できた隙を狙い、オネスタは突っ込んだ。空振りした男は焦り、もう一度音に集中する。
もう一つ石を掴み、オネスタは投げる。今度は男の左の方に。
さっきと全く同じ音だ。男も罠だと分かっている。それでも無視できない。それがただの石ころである可能性が男はゼロだと確信できなかった。
そのために反応が遅れた。
オネスタは足を動かし男に向かう。
これが全力だ。オネスタのできる限りの抗いだ。
「うあああああ!!!!」
「おおおおおお!!!!」
最大限の力を放ちオネスタは剣を男に向かって投げた。それは男が振り回す剣を通り抜け、男の頭に突き刺さった。
男は倒れた。
「やった……」
オネスタは膝をついた。息が上がって、腕に力が入らない。当たり前だ。オネスタに剣で人の肉を切り裂くほどの筋肉など元からない。限界を超えた力を出せば、動かなくもなる。

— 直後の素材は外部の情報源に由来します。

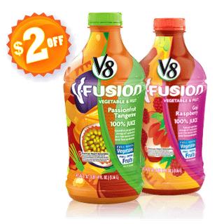Save $2 on one 46 oz bottle V-8 Fusion Goji Raspberry or Passionfruit Tangerine
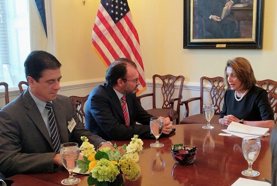 Por la tarde, el Canciller Videgaray y el Embajador Gutiérrez se reunieron con Nancy Pelosi, líder de los Demócratas en la Cámara de Representantes, con quien hablaron sobre la necesidad de una solución legislativa que dé certidumbre jurídica a los jóvenes DACA.
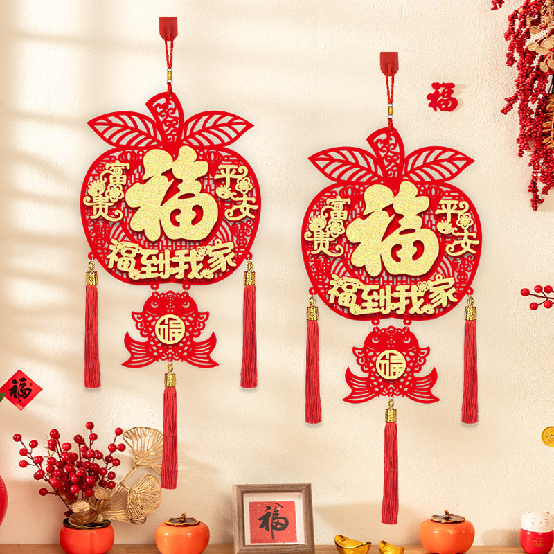 新年装饰春节中国结家居客厅玄关挂饰挂墙红苹果挂件平安福
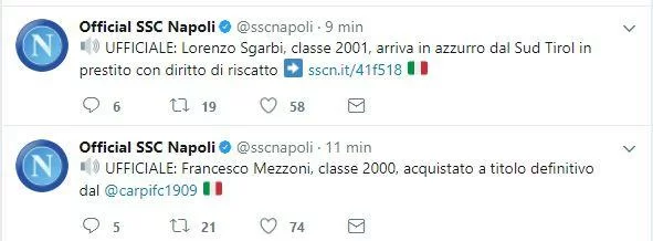 Attraverso il suo profilo Twitter, la SSC Napoli ha ufficializzato l’acquisto di due giovani calciatori. Del primo, Francesco Mezzoni, è già stata data l’anteprima. Attaccante classe 2000 direttamente dal Carpi, preso a titolo definitivo.
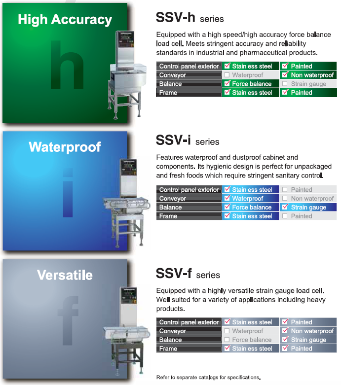 1. Accurate EWith accuracy as low as ±0.01g, quoted at 3σ at speeds up to 600 products/min, the SSV delivers top performance and productivity. 2. Reliable With eight generations and 90,000 installations worldwide since 1964, Anritsu checkweighers are engineered for decades of dependable use. 3. Fully Featured Anritsu checkweighers include easy-to-use touch screens, USB, Ethernet, programmable I/O, full statistics, and autolearn wizard. 4. Compact Footprint Checkweighers start at just 545mm (21.5 inches) long, perfect for lines that are tight on space. |
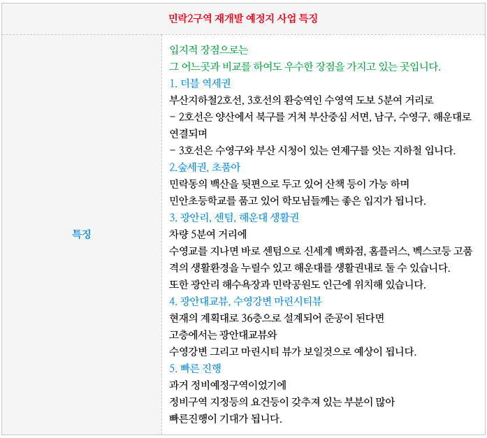 민락2구역 재개발 예정지의 특징을 간략히 정리하였습니다.
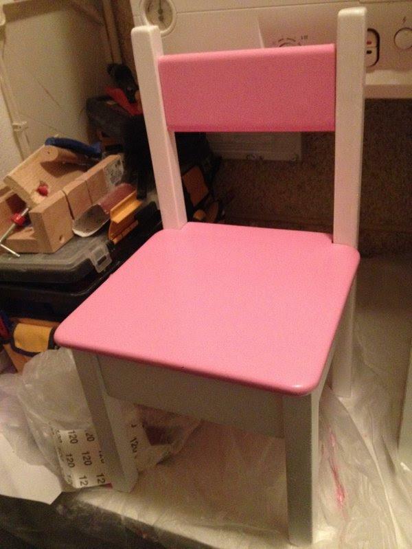 Por último , recorté de una pieza de contrachapado finito las letras de su nombre con la segueta y las pinté y pegué en el respaldo para darle un toque de personalización.
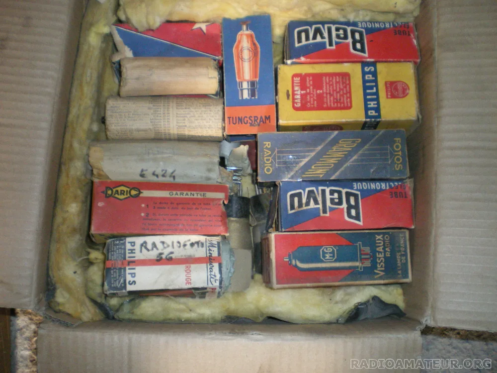Exceptionnel carton rempli d'environ 3kg de tubes des années 1930 à 1950 certains neufs en emballage d'origine. Nombre important de tubes variés (je n'ai pas compté).Pour les Amateurs d'anciens postes de TSF. Paiement par paypal, envoi Mondial Relay. Une photographie possible de la couche supérieure du carton !. 73 à tous.

まだ休憩している暇はない。辺りは血の海だ。それに加えて、内臓みたいなものまで転がっている。クリオシタにこの惨状は見せられない。
ぐらつく足を動かしてオネスタはクリオシタの元まで歩いた。
「あの、大丈夫、ですか?」
「大丈夫。行こっか」
心配の目を向けるクリオシタにオネスタは手を差し出した。クリオシタが握ってくれた手をオネスタは強く握り返し、二人は歩き始めた。
いつの間にか、さっきの女は居なくなっていた。
だが気にすることはない。オネスタはこの難局を乗り切ったのだ。